In this design, the high level synthesis tool infers computational blocks with considerable latency cost for standard floating-point. In the case of floating-point multiplication [Fig. 5(c)], the synthesis infers a hardware block with a latency cost of 5 clock cycles; theoretically, this block would handle exponents addition, mantissas multiplication, and mantissa correction when needed. Moreover, in the case of floating-point addition [Fig. 5(d)], the synthesis infers a hardware block with a latency cost of 9 clock cycles; theoretically, this block would handle mantissas alignment, addition, and correction if necessary. Therefore, the use of standard floating-point in high-level synthesis results in a high computational cost that can be enhanced by a custom design.

# 2) Dot-product using custom floating-point and logarithmic computation

The hardware module to calculate dot-product using custom floating-point computation is shown in Fig. 6. In this design,  $h_{\mu}$  uses standard floating-point number representation, and W(s) uses a positive custom floating-point number representation where the exponent and mantissa bit width are design parameters. A slight modification in this design yields a hardware module which computes the dot-product using logarithmic computation, this is shown in Fig. 7. In this design, W(s) uses a logarithmic number representation where the exponent bit width is a design parameter.

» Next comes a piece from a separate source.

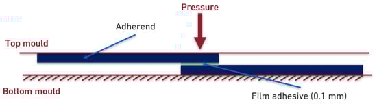 To study the performance of the hot-melt adhesive in a joint, aluminium 6082-T6 and CFRP (SEAL® Texipreg HS 160 RM) SLJs were manufactured using only one overlap length of 12.5 mm. The joints were produced in an aluminium mould (Figure 4) coated with a mould release agent.

FIGURE 5. Dot-product hardware module using standard floating-point computation. (a) Illustrates the iteration interval of 10 clock cycles. (b) Illustrates the iteration latency of 19 clock cycles. (c) Illustrates the element-wise multiplication block in dark-gray. (d) Illustrates the accumulation block in light-gray.

The computation of these designs work in three phases: *Computation, Threshold-test*, and *Result normalization*.

# • Phase I, *Computation*:

In this phase, it is calculated the magnitude of the dot-product in a denormalized representation. This is done in two iterative steps: *element-wise multiplication* and *accumulation*. Where *element-wise multiplication* is executed either in custom floating-point or logarithmic computation described below.

- Element-wise multiplication.
  - Custom floating-point. As shown in **Fig.** 6(c) in dark-gray, the element-wise multiplication is obtained by adding the exponents and multiplying the mantissa of both W(s|i) and  $h_{\mu}(i)$ . If the mantissa multiplication results in an overflow, then it is corrected by increasing the exponent and shifting the resulting mantissa by one position to the right. Then we have  $h_{\mu}(j)W(s_t|j)$  as an intermediate result which is stored for future reuse on the neuron update calculation. In this design the element-wise multiplication has a latency of 5 clock cycles.
  - Logarithmic. As shown in **Fig.** 7(c) in dark-gray, the content values of W(s) are represented in the logarithmic domain, and  $h_{\mu}$  in standard floating-point. Hence, the element-wise multiplication is obtained by adding W(s|i) to the exponent of



 $h_{\mu}(i)$ . In this design the element-wise multiplication has a latency of one clock cycle.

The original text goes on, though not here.